[MATERIALS PROVIDED]:
[Start of section]

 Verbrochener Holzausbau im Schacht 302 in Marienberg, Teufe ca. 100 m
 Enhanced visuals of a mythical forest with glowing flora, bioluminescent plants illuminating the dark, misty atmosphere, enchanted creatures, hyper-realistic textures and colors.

[End of section]
[Start of section]

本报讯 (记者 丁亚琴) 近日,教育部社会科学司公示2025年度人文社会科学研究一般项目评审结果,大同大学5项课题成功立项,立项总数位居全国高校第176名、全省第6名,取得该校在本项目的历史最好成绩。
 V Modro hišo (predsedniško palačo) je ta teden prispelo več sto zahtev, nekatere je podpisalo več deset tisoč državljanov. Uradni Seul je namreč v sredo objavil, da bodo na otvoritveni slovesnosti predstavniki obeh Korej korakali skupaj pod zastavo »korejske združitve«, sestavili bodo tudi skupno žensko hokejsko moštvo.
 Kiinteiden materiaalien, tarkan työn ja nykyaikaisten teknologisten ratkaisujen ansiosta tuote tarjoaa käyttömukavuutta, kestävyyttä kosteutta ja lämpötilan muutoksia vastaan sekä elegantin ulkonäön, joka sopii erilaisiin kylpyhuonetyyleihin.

[End of section]

[EXERCISE GOAL]: Retype exactly the span of lines from the one with "Verbrochener Holzausbau im" through the one with "Enhanced visuals of"; include both ends and omit the rest of the material.

[YOUR SOLUTION]:
 Verbrochener Holzausbau im Schacht 302 in Marienberg, Teufe ca. 100 m
 Enhanced visuals of a mythical forest with glowing flora, bioluminescent plants illuminating the dark, misty atmosphere, enchanted creatures, hyper-realistic textures and colors.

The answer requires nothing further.